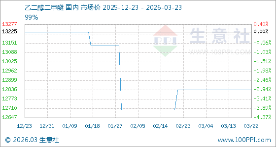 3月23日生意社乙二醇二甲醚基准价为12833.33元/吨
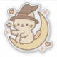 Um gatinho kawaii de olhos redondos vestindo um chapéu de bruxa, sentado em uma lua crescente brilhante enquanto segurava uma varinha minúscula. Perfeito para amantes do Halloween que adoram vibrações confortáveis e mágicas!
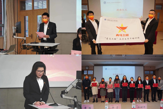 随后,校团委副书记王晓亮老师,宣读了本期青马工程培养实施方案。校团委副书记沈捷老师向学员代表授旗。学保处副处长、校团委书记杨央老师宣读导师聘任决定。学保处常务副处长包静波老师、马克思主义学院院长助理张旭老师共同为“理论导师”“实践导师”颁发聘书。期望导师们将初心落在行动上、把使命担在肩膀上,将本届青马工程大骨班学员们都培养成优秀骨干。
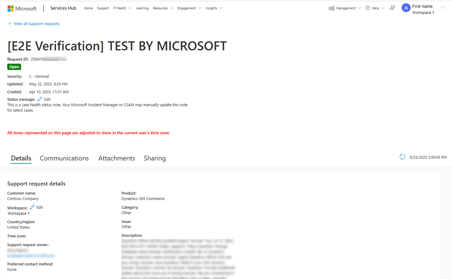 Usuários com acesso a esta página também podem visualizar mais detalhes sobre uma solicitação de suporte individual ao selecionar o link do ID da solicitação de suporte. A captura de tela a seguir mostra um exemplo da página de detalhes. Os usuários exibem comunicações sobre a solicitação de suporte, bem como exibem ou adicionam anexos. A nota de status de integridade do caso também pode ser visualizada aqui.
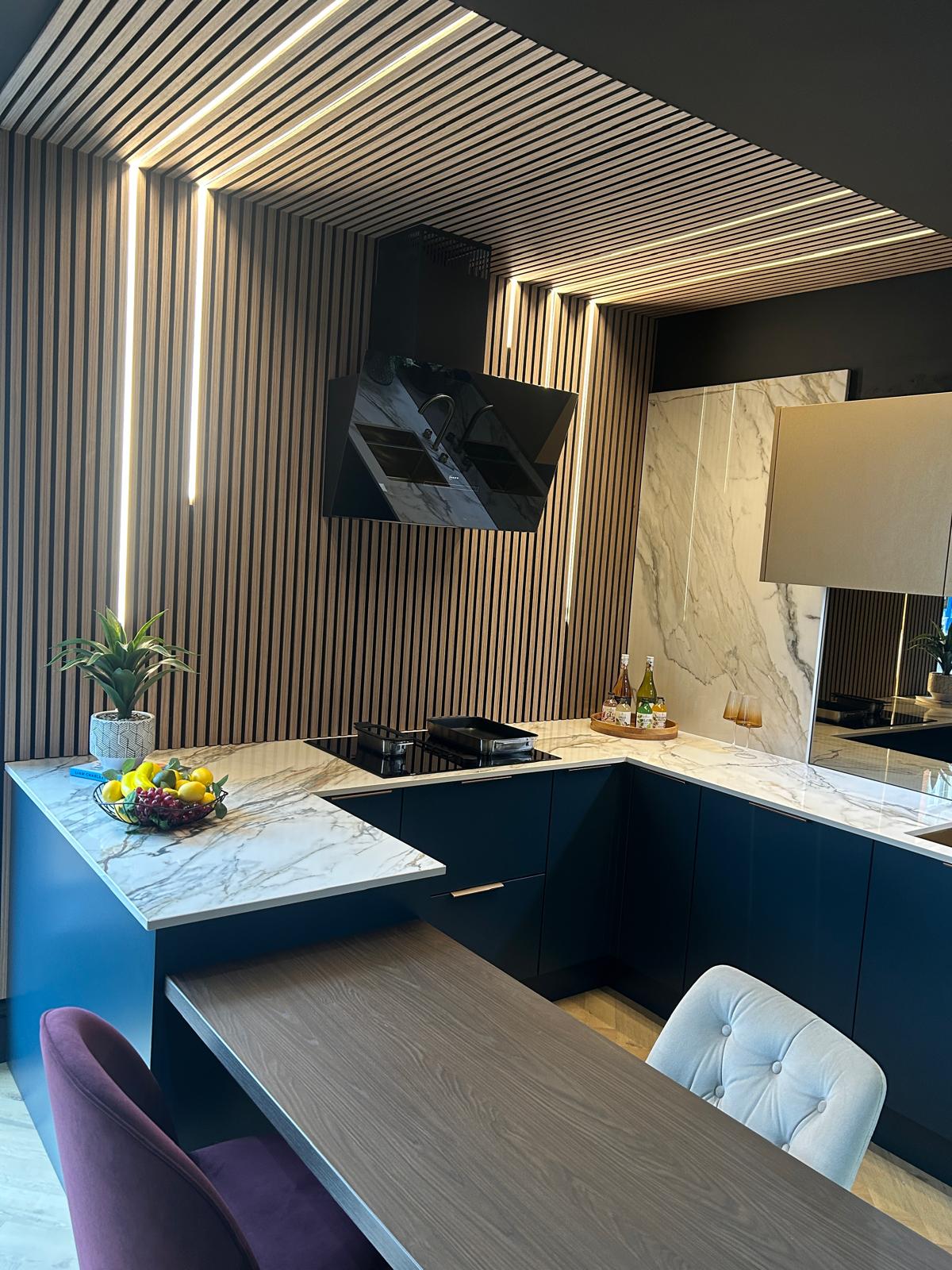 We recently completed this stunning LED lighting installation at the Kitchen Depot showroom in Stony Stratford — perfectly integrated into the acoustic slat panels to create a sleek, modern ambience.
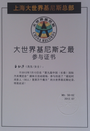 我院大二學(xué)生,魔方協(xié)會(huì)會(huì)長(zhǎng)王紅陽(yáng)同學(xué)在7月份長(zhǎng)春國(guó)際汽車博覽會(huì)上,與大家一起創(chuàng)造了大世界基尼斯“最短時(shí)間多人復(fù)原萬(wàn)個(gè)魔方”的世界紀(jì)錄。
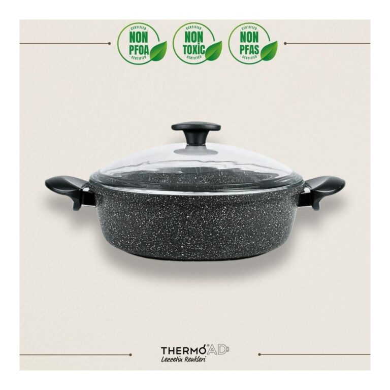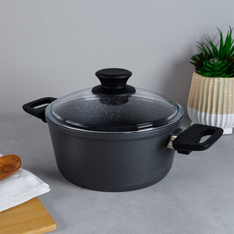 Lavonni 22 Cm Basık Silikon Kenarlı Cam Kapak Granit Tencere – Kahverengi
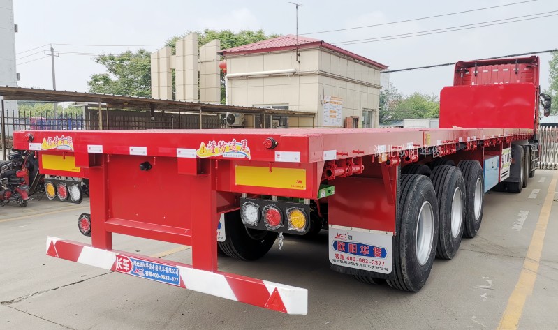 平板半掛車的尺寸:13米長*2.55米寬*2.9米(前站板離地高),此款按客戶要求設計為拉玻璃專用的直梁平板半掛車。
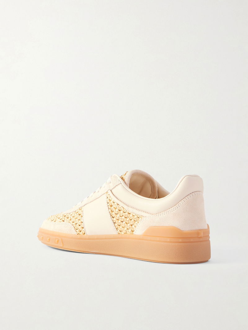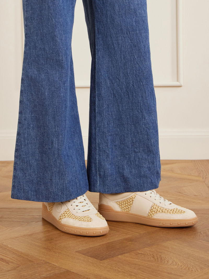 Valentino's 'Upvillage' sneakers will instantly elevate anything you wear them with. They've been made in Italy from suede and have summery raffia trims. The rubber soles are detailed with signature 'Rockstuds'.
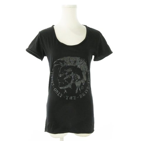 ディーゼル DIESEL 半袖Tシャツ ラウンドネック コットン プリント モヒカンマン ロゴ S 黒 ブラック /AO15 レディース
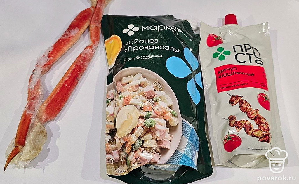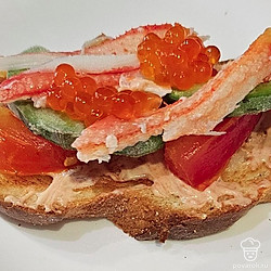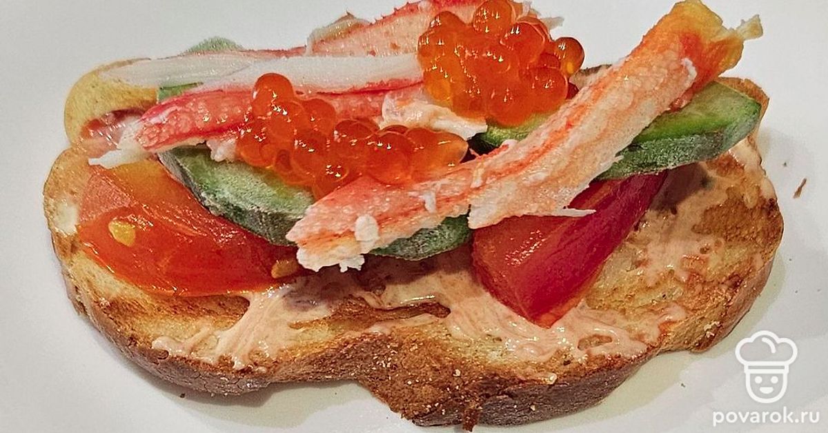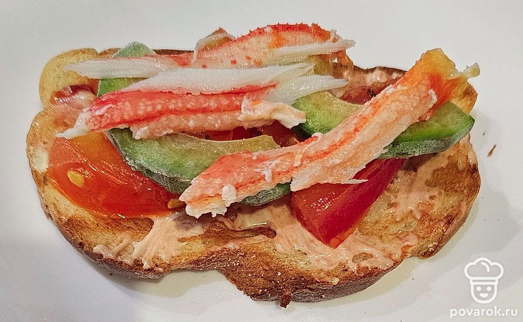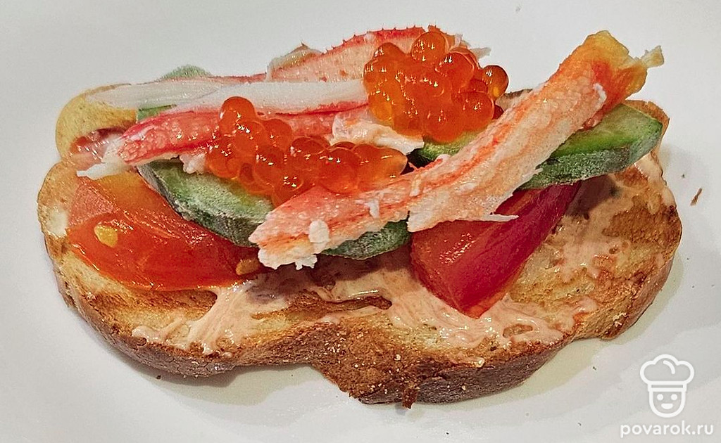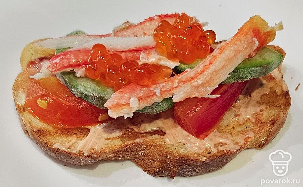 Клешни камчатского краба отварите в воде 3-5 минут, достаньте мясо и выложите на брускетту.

--

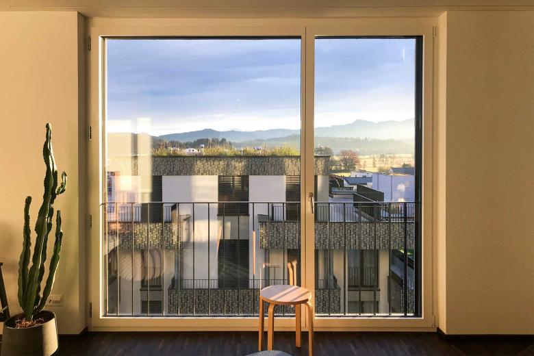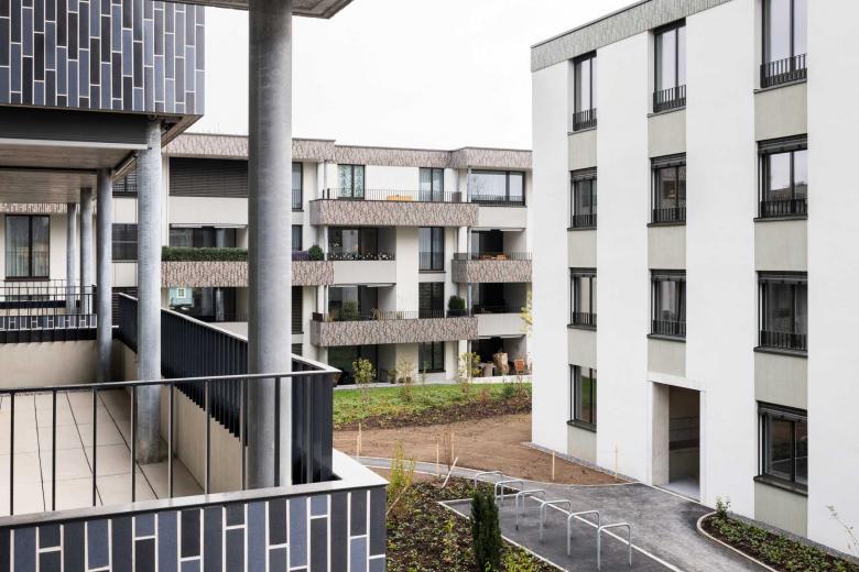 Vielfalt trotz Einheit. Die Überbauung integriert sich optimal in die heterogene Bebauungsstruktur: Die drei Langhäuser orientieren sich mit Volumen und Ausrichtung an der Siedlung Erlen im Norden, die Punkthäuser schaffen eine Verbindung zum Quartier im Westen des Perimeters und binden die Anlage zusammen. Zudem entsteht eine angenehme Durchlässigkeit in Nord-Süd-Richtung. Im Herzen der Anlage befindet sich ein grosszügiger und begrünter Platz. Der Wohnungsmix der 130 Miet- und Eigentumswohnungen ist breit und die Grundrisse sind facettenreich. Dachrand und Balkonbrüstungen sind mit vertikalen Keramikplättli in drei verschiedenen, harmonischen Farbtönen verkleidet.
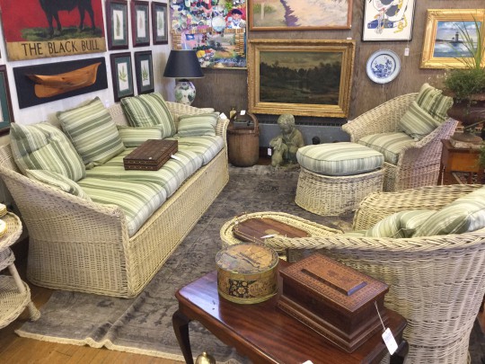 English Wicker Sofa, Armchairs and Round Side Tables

- Work required
Pictures in the material above should be skipped; print exactly the lines from the one with "我院大二學(xué)生,魔方" through the one with "Клешни камчатского краба".

- Written solution
 我院大二學(xué)生,魔方協(xié)會(huì)會(huì)長(zhǎng)王紅陽(yáng)同學(xué)在7月份長(zhǎng)春國(guó)際汽車博覽會(huì)上,與大家一起創(chuàng)造了大世界基尼斯“最短時(shí)間多人復(fù)原萬(wàn)個(gè)魔方”的世界紀(jì)錄。
 Lavonni 22 Cm Basık Silikon Kenarlı Cam Kapak Granit Tencere – Kahverengi
 平板半掛車的尺寸:13米長*2.55米寬*2.9米(前站板離地高),此款按客戶要求設計為拉玻璃專用的直梁平板半掛車。
 Valentino's 'Upvillage' sneakers will instantly elevate anything you wear them with. They've been made in Italy from suede and have summery raffia trims. The rubber soles are detailed with signature 'Rockstuds'.
 ディーゼル DIESEL 半袖Tシャツ ラウンドネック コットン プリント モヒカンマン ロゴ S 黒 ブラック /AO15 レディース
 Клешни камчатского краба отварите в воде 3-5 минут, достаньте мясо и выложите на брускетту.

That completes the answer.